En la confrontación entre el creacionismo y el evolucionismo subyacen dos equívocos


de magnitud que ahora tratamos de dilucidar. En primer lugar, en el documento J o
yahvista -uno de los cuatro que están en la base de la formación de la Biblia-, elaborado
en una sociedad agraria en la que la tierra de cultivo –adamah– tiene un valor singular,
el autor sagrado concibe a Dios como un artista de la cerámica que crea a adam, el
sacado de la tierra, el telúrico, que la tradición fue concibiendo como nombre propio,
sin que en un principio significara eso. La doctrina agustiniana del pecado original,
convertida en dogma católico en base a la carta de san Pablo a los Romanos (5,12),
llegó a formularse como transmisión directa por medio de la generación de dicho
pecado a todos los hombres, y eso parecía exigir la existencia de una pareja única inicial
con nombres propios: Adam y Eva, que, sin embargo, nunca existieron como tales.

Por otra parte, el documento sacerdotal o P, cuyas raíces se hunden en el siglo VI, fue
elaborado a partir de la experiencia de los teólogos, israelitas que, en el exilio
babilónico, mantenían entre los cautivos la esperanza del retorno a la patria. En
contraste con los relatos cosmogónicos del mito babilónico de la creación, Israel forjó
su propio relato calcado en el de sus adversarios, pero desmitificado. La creación sería
obra de la palabra de Dios y no una teomaquía o lucha entre dioses. Y si el autor
distribuyó la obra de la creación en seis días, de ningún modo se refiere al tiempo
necesario para una fabricación, sino que se trata de un mero esquema litúrgico, porque
lo que le interesa es el séptimo día; con el descanso sabático que Dios se toma tras su
acción creadora, intentaba reforzar el día del sábado como seña de identidad israelita en
pleno destierro, acaso como símbolo de resistencia frente al intento de desarraigo a que
los babilonios sometían a sus vencidos. Precisamente los sacerdotes exiliados, teólogos
de la esperanza, entenderán el retorno del destierro como una nueva creación.

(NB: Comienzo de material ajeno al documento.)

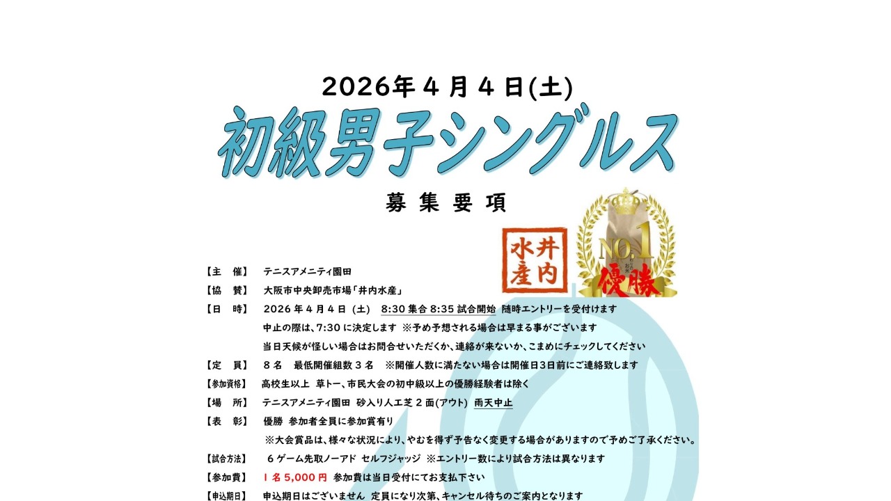 大会日の1週間前以降のキャンセル、又は試合進行に不都合が出る場合(その場合棄権となる) では、参加費の全額をお支払い頂きますのでご了承ください。
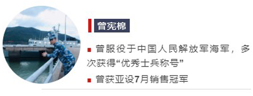 亞設體育的7月銷售冠軍,是“年少有為不自卑”的曾憲棉。他本人曾于中國人民解放軍海軍部隊擔任“潛水艇戰(zhàn)士”,并在服役期間多次獲得“優(yōu)秀士兵”、“優(yōu)秀義務兵”、“優(yōu)秀戰(zhàn)士”等光榮稱號。

Los relatos de la creación no son pues, como ya queda apuntado, una explicación de los
orígenes del universo, sino una proclamación de la bondad no sólo de la obra creadora,
sino, sobre todo, del creador. Paralelamente, la ciencia evolucionista tampoco tiene el
cometido ni la autoridad para definirse sobre la existencia de Dios creador. Pero nos
compete realizar un recorrido por estos dos relatos fundamentales de la creación,
exactamente para no ser víctimas de una interpretación fundamentalista de ellos.

X. CHAO REGO, “Creación”, en: AA.VV., 10 palabras claves en religión, 88-91.